В заключение о некоторых художественных особенностях «Сна в Нефритовом павильоне». Стремясь, по-видимому, избежать монотонности и однообразия, автор на протяжении внушительного по объему романа много раз меняет темп повествования. То оно, насыщенное динамизмом, как бы несется вскачь, то становится неторопливым, утопая в подробных описаниях или рассуждениях на самые различные темы, или же перемежается стихами различных жанров. Как уже отмечалось, в описаниях внешности героев, битв, походов, гаданий, сновидений часто встречаются идущие от фольклора своеобразные клише, стандартизированные обороты. Они выполняют определенную эстетическую функцию, придавая изложению эпически-сказовый характер. Но есть и явно излишние повторы, необязательные с точки зрения развития действия детали, поэтому в переводе сделаны небольшие сокращения.
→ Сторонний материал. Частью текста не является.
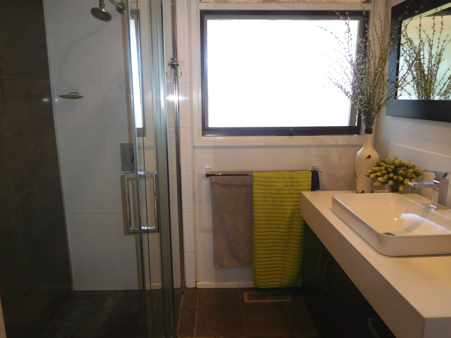 Large walk in shower in bathroom.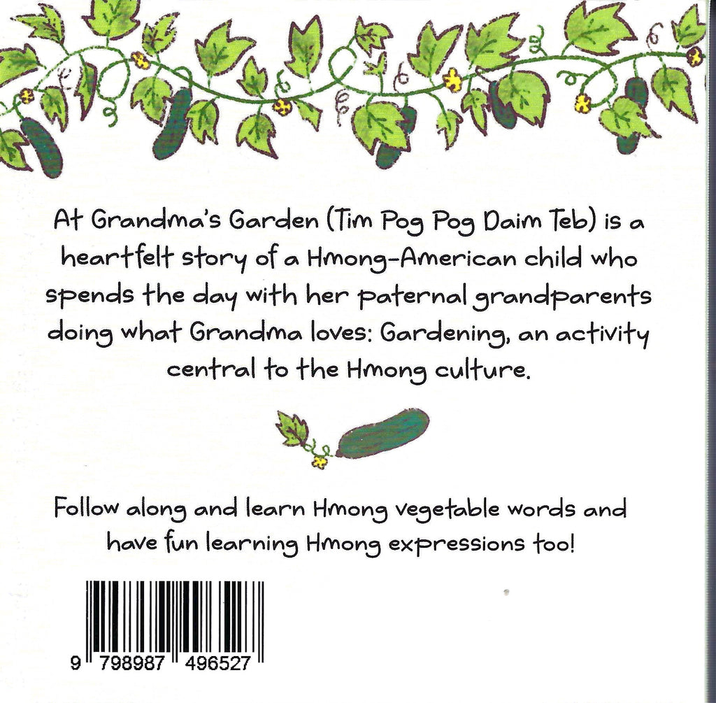 At Grandma's Garden (Tim Pog Pog Daim Teb) is a heartfelt story of a Hmong-American child who spends the day with her paternal grandparents harvesting vegetables. Gardening is central to Hmong culture and now a hobby to many. Follow along on this trip to the garden and learn Hmong words for vegetables. Have fun pronouncing Hmong expressions too!

Другой характерной чертой романа, свойственной и многим другим произведениям средневековой литературы Дальнего Востока, является обилие упоминаемых в тексте имен исторических и литературных персонажей, буддийских и даосских небожителей, героев мифов и преданий. Предполагалось, что читателю знакомы все эти имена и связанные с ними факты или легенды не хуже, чем автору, и одно лишь упоминание о них вызовет у читателя соответствующие, определенные ассоциации. Иное дело читатель современный, тем более иноземный. Попытка переводчика или комментатора раскрыть все аналоги и намеки, все объяснить, приведет только к разбуханию текста или справочного аппарата. Кроме того, не все упоминаемые имена н названия удается идентифицировать уже потому, что в оригинале отсутствуют их иероглифические обозначения. Впрочем, это касается большей частью уподоблений типа «герой поступил так-то и так-то, как в свое время поступил имярек». Комментарии могут добавить к тому, что уже ясно из самого уподобления, лишь биографические или литературные сведения об этом малоизвестном «имярек», что вовсе несущественно для понимания текста нашими читателями. О действительно же известных персонажах необходимые краткие сведения приводятся в комментариях и словаре имен.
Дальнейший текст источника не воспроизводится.